* _WHAT IS REQUIRED_
Retype exactly the lines from the one containing "The whole body" through the last line of the records below, including both, and leave out any pictures.
(DATA FOR THE TASK Opens)
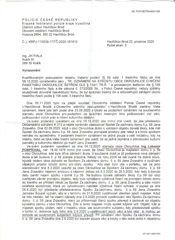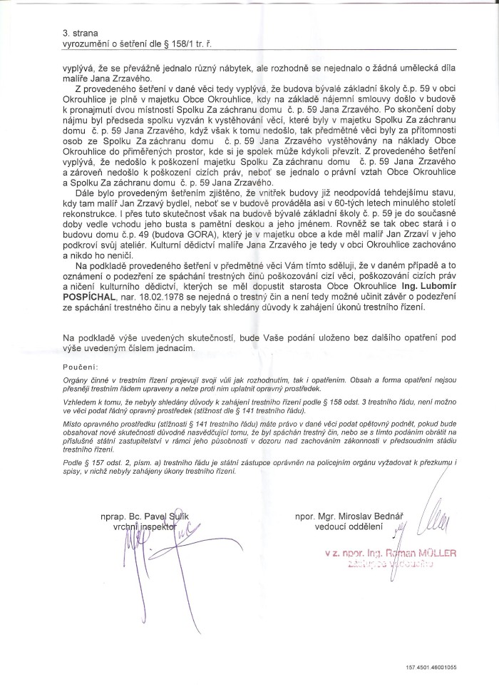 A dále také to, že zničení jeho rodiště - tedy původního vybavení školy, které má smysl a cenu právě a jenom v této škole - podle starosty, ale ani podle policie, žádným problémem není, protože žil i jinde a památek na Zrzavého je prý dost...
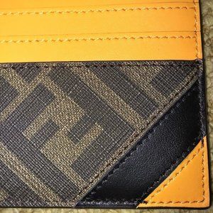 FENDI 'FF Logo w/ Orange Detail' Authentic Men's Canvas/Leather Card Holder NWT!
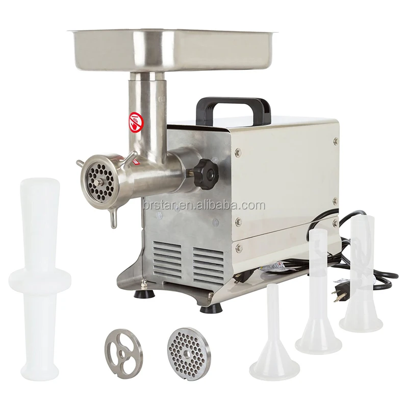 The whole body is made of all stainless steel. It adopts 2200W full-cooper with 170 r/min rotation speed and 350 kg/h output. It is perfect for food grinding in restaurants, supermarkets, fast food stores, butcher shops, etc.
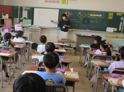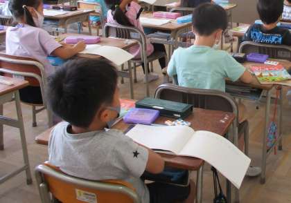子どもたちは黒板を見ながら、一生懸命書いていました。
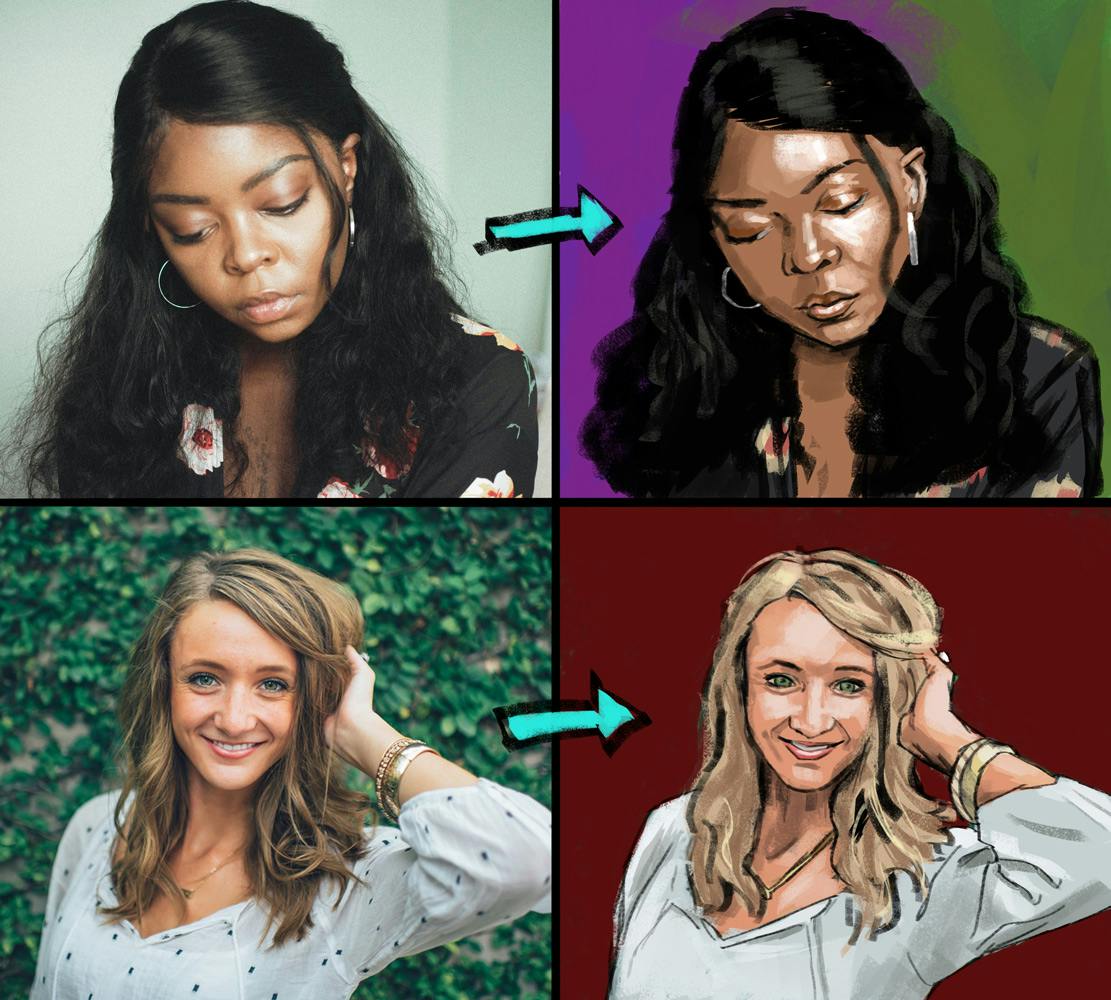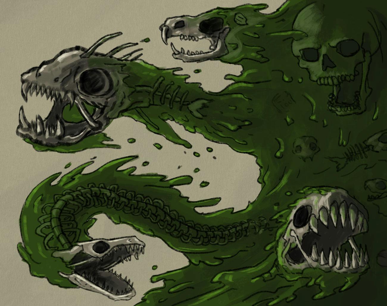Here's an example of the art style applied to portraiture...the top cultist is aligned with pain and rot, the bottom cultist is aligned with blood (which determines the background colors.)
(DATA FOR THE TASK Closes)
* _SOLUTION TO THE PROBLEM_
 The whole body is made of all stainless steel. It adopts 2200W full-cooper with 170 r/min rotation speed and 350 kg/h output. It is perfect for food grinding in restaurants, supermarkets, fast food stores, butcher shops, etc.
子どもたちは黒板を見ながら、一生懸命書いていました。
Here's an example of the art style applied to portraiture...the top cultist is aligned with pain and rot, the bottom cultist is aligned with blood (which determines the background colors.)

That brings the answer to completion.